The inference engine applies rules to reach logical conclusions. It is the part of the system that “reasons.”

In a knowledge-based system, it manipulates knowledge to provide answers.
In a rule-based system, it:

  • Applies rules step by step to existing facts.
  • Adds new knowledge if needed.
  • Resolves conflicts when multiple rules could apply.

Strategies used by the Inference Engine:

  • Forward Chaining: Answers “What can happen next?” It moves from facts toward a result. Example: predicting stock market changes based on interest rate updates.
  • Backward Chaining: Answers “Why did this happen?” It starts from a conclusion and works backward to find the cause. Example: diagnosing blood cancer based on observed symptoms.


User Interface

The user interface connects the system and its users. It often uses natural language so people in the field can easily interact with it, even if they are not AI experts.

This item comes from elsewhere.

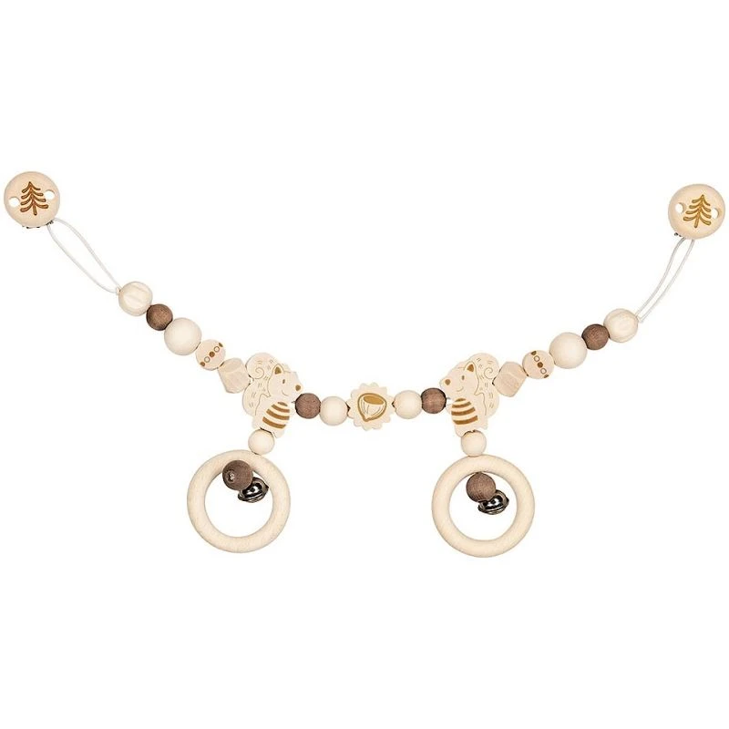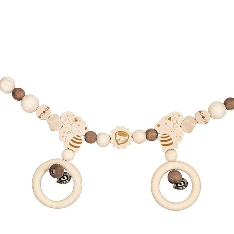 Pour les petits fans de forêts dés 2 mois et pour développer attention et dextérité, éveil physique et émotionnel, cette jolie Chaîne de poussette en bois Ecureuil Heimess® aux couleurs naturelles est amusante, douce et accompagnera bébé lors de ses promenades, ses moments d’éveil et d’endormissement. Une chaîne de poussette d’éveil avec ses 2 hochets d’activités à grelots et ses jolies perles en bois en formes de billes, de noisettes, et de petits écureuils… le tout à suspendre pour permettre à bébé de stimuler ses petits muscles en découvrant les mouvements, les tintements des hochets, et les autres bruits produits par le mouvement des pièces qui le compose. Tout est fait pour stimuler bébé dans son apprentissage et son développement.

It also explains how the system arrived at a conclusion, using:

  • On-screen text in natural language
  • Voice explanations
  • Lists of applied rule numbers

A good interface makes the system easier to trust and use.


Requirements of an Efficient Expert System Interface

  • Should help users achieve their goals quickly.
  • Should fit into existing workflows.
  • Should adapt to the user’s needs.
  • Should make the best use of user input.


Limitations of Expert Systems

Despite their benefits, expert systems have drawbacks:

  • Knowledge acquisition is challenging.
  • They are hard to maintain.
  • Development takes time and money.
  • They cannot solve every problem fully.


Applications of Expert Systems

ApplicationDescription
Design DomainDesigning camera lenses, automobiles.
Medical DomainDiagnosing diseases, assisting in medical procedures.
Monitoring SystemsContinuous system checks like detecting leaks in pipelines.
Process ControlManaging and controlling industrial processes.
Knowledge DomainTroubleshooting vehicles, computers.
Finance/CommerceFraud detection, stock trading, airline scheduling.

Expert System Technology

Expert systems require hardware, programming environments, and tools:

  • Development Environment: Workstations, minicomputers, mainframes, languages like LISP and PROLOG, and large databases.
  • Tools: Editors, debugging tools, and rapid prototyping features to make development faster.
  • Shells: Pre-built expert system structures without a knowledge base. Examples: Java Expert System Shell (JESS) and Vidwan (developed in Mumbai in 1993).


Development of Expert Systems

Expert systems are developed in iterative steps:

  1. Identify the Problem: Ensure the problem is suitable for an expert system and worth the cost.
  2. Design the System: Choose the right technology and decide how knowledge will be represented.
  3. Develop a Prototype: Knowledge engineers gather information and convert it into IF-THEN-ELSE rules.
  4. Test and Refine: Use sample cases to check performance and fix any issues.
  5. Complete the System: Integrate with databases, document it, train users.
  6. Maintain It: Keep the knowledge base updated and ensure compatibility with other systems.


Benefits of Expert Systems

  • Availability: Easily distributed and used.
  • Low Production Cost: Affordable compared to hiring experts for every task.
  • Speed: Reduces human workload.
  • Low Error Rate: Less prone to mistakes than humans.
  • Reduced Risk: Works in dangerous environments.
  • Consistent Performance: Provides steady, emotion-free responses.